Microeconomics deals with the economic interactions of a specific person, a single entity, or a company. These interactions, which mainly are buying and selling goods, occur in markets. Therefore, microeconomics is the study of markets. The two key elements of this economic science are the interaction between supply and demand and scarcity of goods .
Supply and Demand Graph
Microeconomics is based on the study of supply and demand at the personal and corporate level.
One of the major goals of microeconomics is to analyze the market and determine the price for goods and services that best allocates limited resources among the different alternative uses. This study is especially important for producers as they decide what to manufacture and the appropriate selling price. Microeconomics assumes businesses are rational and produce goods that maximizes their profit. If each firm takes the most profitable path, the principles of microeconomics state that the market's limited resources will be allocated efficiently.

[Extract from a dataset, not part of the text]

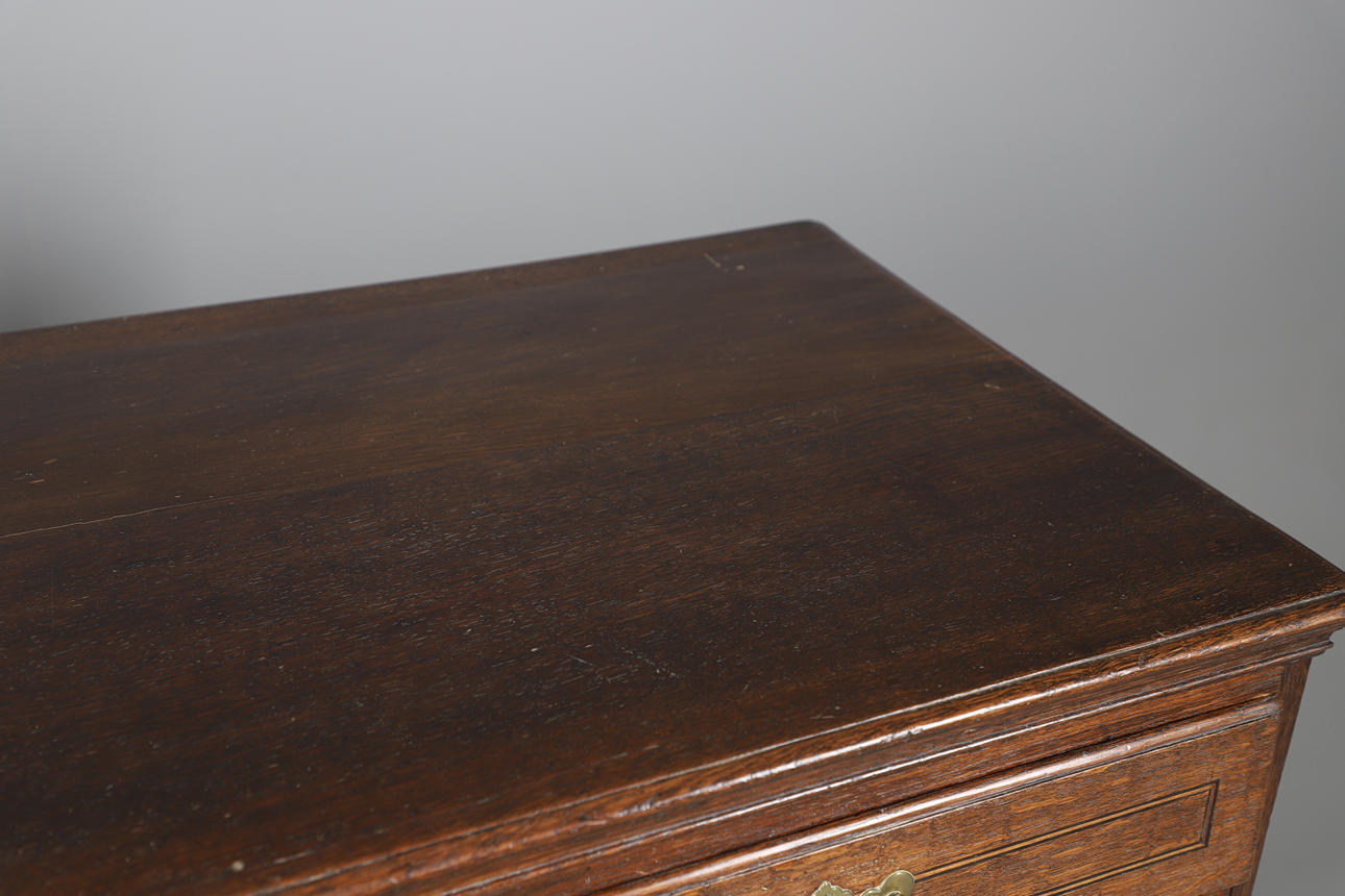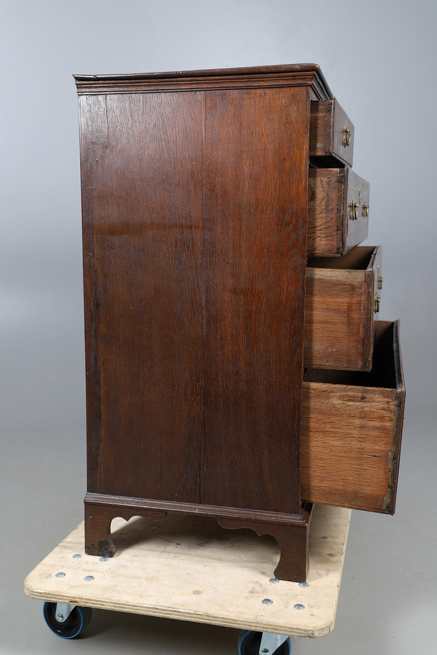 Med två korta lådor över tre långa graderade lådor, alla med mässingsdrag och låsmekanismer (ingen nyckel), stod på konsolfötter. Höjd 96,5cm x Bredd 99cm x Djup 46cm.

The science of microeconomics covers a variety of specialized areas of study including:
- Industrial Organization: the entry and exit of firms, innovation, and the role of trademarks.
- Labor Economics: wages, employment, and labor market dynamics.
- Financial Economics: topics such as optimal portfolios, the rate of return to capital, and corporate financial behavior.
- Public Economics:the design of government tax and expenditure policies.
- Political Economics: the role of political institutions in policy.
- Health Economics: the organization of health care system.
- Urban Economics: challenges faced by cities, such as sprawl, traffic congestion, and poverty.
- Law and Economics: applies economic principles to the selection and enforcement of legal regimes.
- Economic History: the history and evolution of the economy.